In analyses of the stage of the tobacco epidemic in south-east Asia, it is important to consider that the staging paradigm focuses on cigarette smoking and does not consider the contribution to gender-related trends of other forms of tobacco, such as smokeless tobacco and pipe tobacco. Moreover, the WHO Framework Convention on Tobacco Control (FCTC) Treaty tends to call for measures focused on curbing the purchase and consumption of commercial cigarettes, such as price and tax measures, regulation of tobacco content, and restrictions on package and product labelling and advertising.5 It remains to be seen whether the successful restriction of commercial cigarette consumption transfers the foci of addictive behaviour to other tobacco products, such as smokeless tobacco, hand-rolled cigarettes and pipes.
In Cambodia, published reports on adult cigarette consumption from economic surveys6 during 1999 and 2003 and a Demographic and Health Survey among women completed in 20007 confirm the trend seen in other parts of south-east Asia: cigarette smoking was highly prevalent among men (> 50%) but not women (3%). Until 2005, accurate prevalence data on all forms of tobacco use in a complete nationwide sample were not available.

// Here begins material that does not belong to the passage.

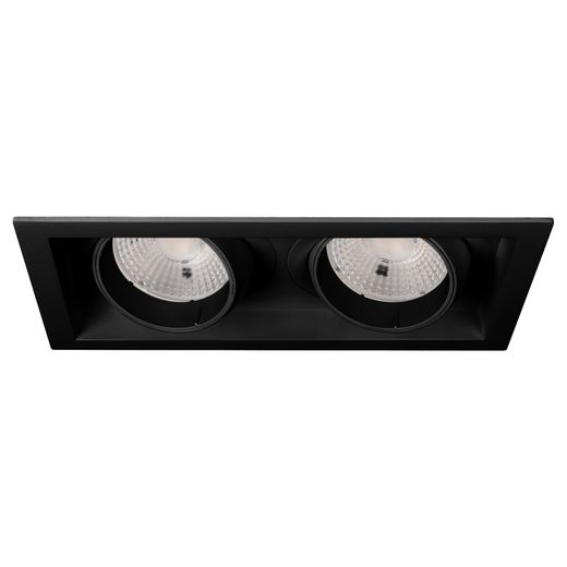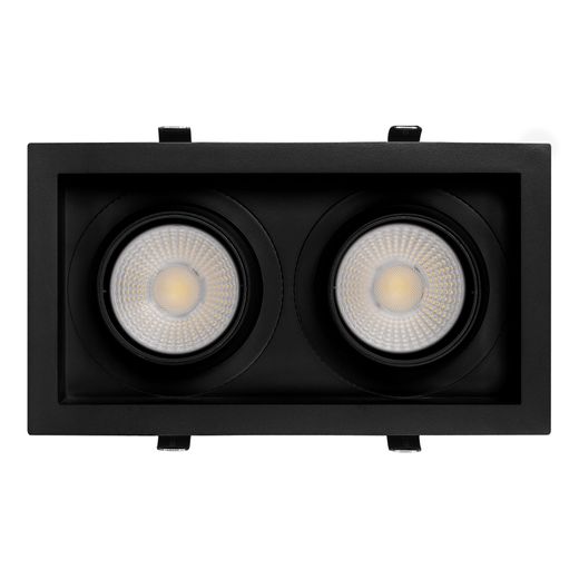 Поставка под заказ от 24 шт. Встраиваемый карданный светильник. Мощность 2х30 Вт, св. поток 5300 лм, 88 лм/Вт, тёплый 3000 K, CRI>92, угол 50°, напряжение питания 230 В. Чёрный корпус из алюминия, черная вставка, степень защиты IP20. Размер: длина 250 мм, ширина 140 мм, высота 125 мм. Монтаж встраиваемый, установочное отверстие: длина 230 мм, ширина 120 мм. Драйвер 24-42 В, 750 мА, пульсация <2%.

During 2005–2006 we completed the largest nationwide survey of adult tobacco use ever conducted in Cambodia (n = 13 988) during the Tobacco Control Leadership Training (TCLT) programme – a collaborative effort of the Fogarty International Center, National Institutes of Health (Bethesda, MD, United States of America), Loma Linda University (Loma Linda, CA, USA), the National Institute of Statistics (Ministry of Planning, Phnom Penh, Cambodia)8. In preparation for this national prevalence survey, we conducted validity and reliability studies of the survey items and pictograms of commercial and hand rolled cigarettes, chewing tobacco and pipe tobacco that were used by survey interviewers. Our aims in the present study were (i) to identify the demographic characteristics of current tobacco users in Cambodia, especially women, and (ii) to examine the reasons for current tobacco use in demographic subgroups of the smoking population. The implications of the findings for the design of prevention programmes and tobacco control policies will be discussed.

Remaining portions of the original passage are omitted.